In January, RES Americas was just one of two energy companies to bid on the U.S. Interior Department’s Bureau of Ocean Energy Management auction of four “zones” of federal water within the Massachusetts Wind Energy Area, which begins 12 nautical miles off the shore of Martha’s Vineyard.
The Bureau had awarded 12 companies to participate in the auction, but only two zones received bids and the other two – totaling 388,569 acres – received none.
Dong Energy, however, is willing to test the U.S. waters for now and is encouraged by a piece of legislation currently in the Massachusetts state legislature that supports conditions for future offshore wind projects. Leupold also likes the east coast environmental conditions because he says they are similar to some of their ongoing projects in northwestern Europe.
“We already have a number of post 2020 projects in our pipeline in northwestern Europe that we will continue to develop.
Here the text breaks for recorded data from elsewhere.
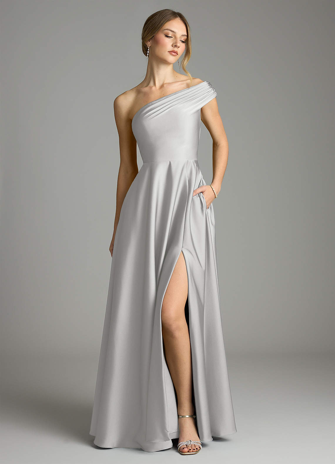 A라인 오프 더 숄더 스트레치 새틴 바닥 길이 드레스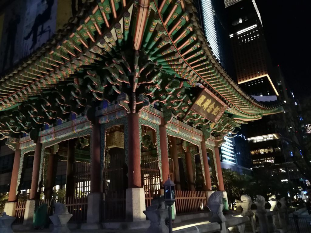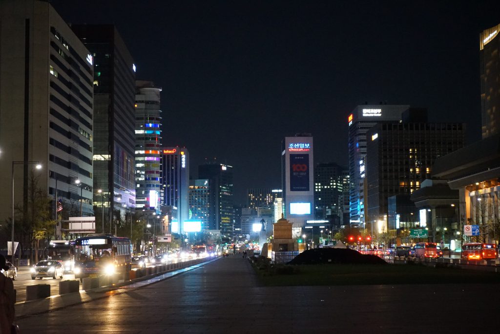 江辺テクノマートから戻ってきて今回の旅行の最後にもう一度光化門広場へ行き、光化門と世宗大王の像のライトアップを撮影しました。ついでに光化門の辺りから夜景を撮ってみました。ソウルの街並みは日本の街並みに似ていますが、道路が広く作られているせいか、東京というよりは地方の大都市といった印象を受けました。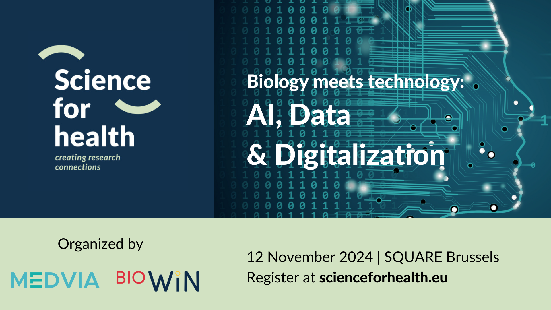 Science for Health explores innovation at the interface of biology and technology, with a spotlight on Belgium’s involvement and contributions. This event brings together academics, industry leaders and policy makers to promote out-of-the-box thinking, tackle complex challenges, and spark new collaborations. The 2024 edition will focus on AI, Data and Digitalization, with discussions around how these tools can accelerate innovation in drug discovery & development and prevention & diagnostics.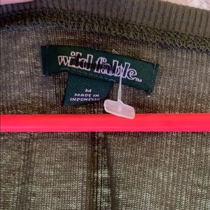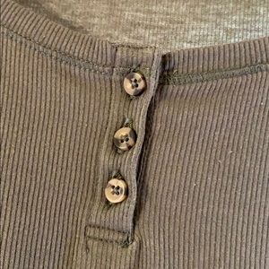 This is an army green top with brown buttons. Slightly cropped. Long sleeve. Never worn. Super soft.

With the takeover of the offshore wind development project in the U.S., we will broaden our geographical scope and follow the market potential outside our current footprint,” Leupold said. “The project could be developed using well-known technology and logistics.”
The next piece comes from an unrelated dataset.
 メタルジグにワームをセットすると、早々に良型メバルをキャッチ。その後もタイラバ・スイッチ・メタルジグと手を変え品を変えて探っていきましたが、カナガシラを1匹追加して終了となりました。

Prior to the Interior’s competitive lease auction in January, five competitive wind energy leases had been awarded off the Atlantic coast: two in Massachusetts-Rhode Island, two off Maryland and one off Virginia.
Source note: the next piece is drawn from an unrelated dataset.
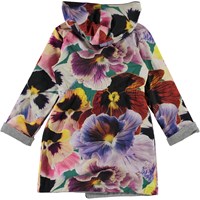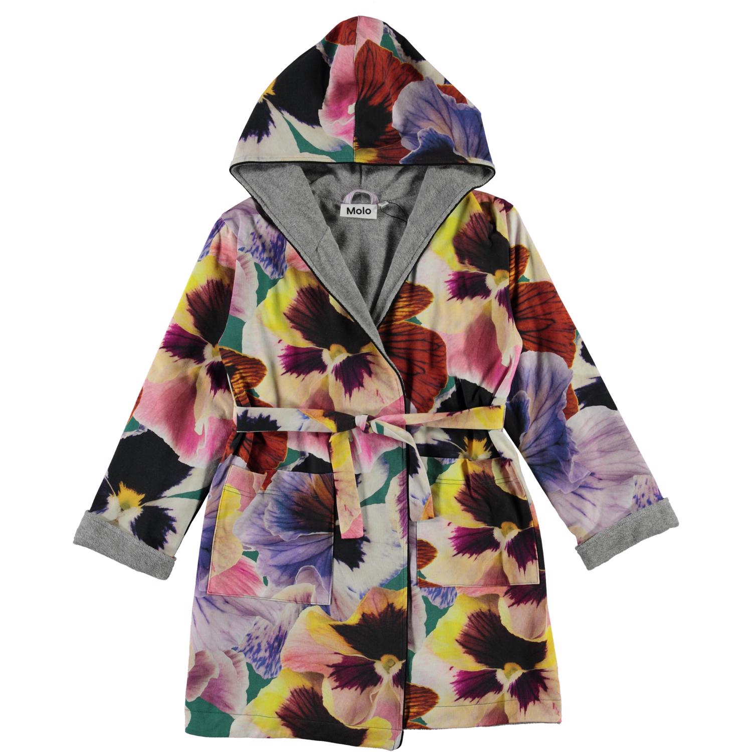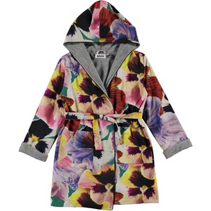 Mjuk badrock med tryck av stora blommor. Badrocken är fodrad med en tunn och mjuk frotté, har två fickor, ett band i midjan och en stor luva för att hålla nacken och huvudet extra varmt.

The federal government’s effort to bolster offshore wind projects comes from President Barack Obama, who called for the production of 20,000 megawatts of renewable energy on public lands and federal waters by 2020 in his Climate Action Plan.
The Bureau of Ocean Energy Management must approve the lease agreement with Dong Energy. The federal bureau previously set terms with RES Americas’ lease, in which the company must to submit an assessment plan within its first year, including details on meteorological towers and buoys.
If approved, the company would then have five years to submit a construction and operations plan detailing logistics for their energy project. Pending a subsequent environmental review, according to the Interior.
The terms of operation is 25 years.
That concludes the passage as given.